I fall into the second camp. Not radically so. I believe that improvements in athletic movement principles (needed for hockey) will manifest themselves in improved lifts, jumps, sprints, and aerobic tests. Therefore, those tests may provide an indicator as a proxy for improved sport performance. The reason that I fall into the second camp is because I am in (what I think is) a fairly unique position of having almost amassed my 10,000 coaching hours (I’ve been coaching for about the last 9 years consistently) and also having amassed my 10,000 hockey playing hours, meanwhile I’ve studied Kinesiology. Because I am also continuing to play while doing all this, I’d say that I am very in touch with the process of what it takes to get better. I’ve made committed almost every mistake by enthusiastically following every person who has a claim that they can help improve my game. I have ruthlessly thrown aside any and every method that does not provide immediate and lasting results. I’m also 100% in touch with the demands of the athlete, and the psychology of the athlete. So I remember the days when I crushed a fatiguing workout, went to the farm to work and pushed a lawn mower and carried a weed whacker and didn’t have time or energy to develop my skills. I remember dropping 400lbs on my back in a back squat with incorrectly adjusted spot arms and no spotter. I remember lunging around my backyard with a friend (who never worked out with me again), for 2 hours, and then not being able to walk for a week (my mom literally carried me up and down the stairs…embarrassing for a 12 year old).
After almost 20 years of hockey, I’ve realized that the most valuable physical skills I learned were actually very different than what a strength & conditioning coach might suggest. They are:
- Not to tense up in pressure situations.
- Not to “try” too hard. Give 100% intensity instead.
- Not to tense muscles that are not immediately involved in performing the skill.
- Generate and receive contact through the core.
- Learn to generate elasticity through the core on shots and passes.
- Don’t bend your knees too much, use your hips to generate power.
- Under fatigue, stay calm, breathe deeply.
- Correct posture (shoulders, pelvic alignment, ribcage alignment) matters as much to physical performance as it does to psychological performance.
All of these things are movement quality related. They were sprinkled throughout my career, with many of them only coming into crystal clear focus very recently. Disappointing, then, that all the fatiguing workouts I did never taught me those things. Some I learned when I used to play the violin, others I learned through martial arts, golf and soccer. A few teammates have given me pointers on others. The rest I learned by researching information from the best minds in sports and strength and conditioning.
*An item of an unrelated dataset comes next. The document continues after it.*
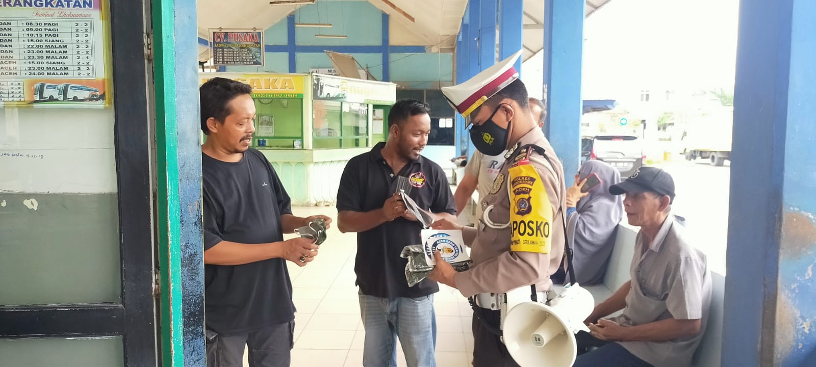 LHOKSEUMAWE – Sat Lantas Polres Lhokseumawe melakukan kegiatan pembagian masker kepada masyarakat di terminal angkutan umum L300 Kota Lhokseumawe,Rabu (19/5/2021).

Of course, I’m now also blessed with great aerobic capacity, strength and power. While these occurred as a result of my training, I still believe that my training was not the most efficient way of improving all of those things. For example, I learned that I didn’t actually need to lift as much volume as I thought I did. I also wish I had adopted a different running style when I was back racing, as that would have made running so much more enjoyable. In any case, all of this was a valuable learning experience because I can now do a lot more with a lot less time and energy.
So what are we doing this summer? We are trying to boil down 20 years of my enthusiastic pursuit of excellence through training into one summer. We are drawing the straightest line through the sand. I’m hoping it can help everyone we are training get better faster.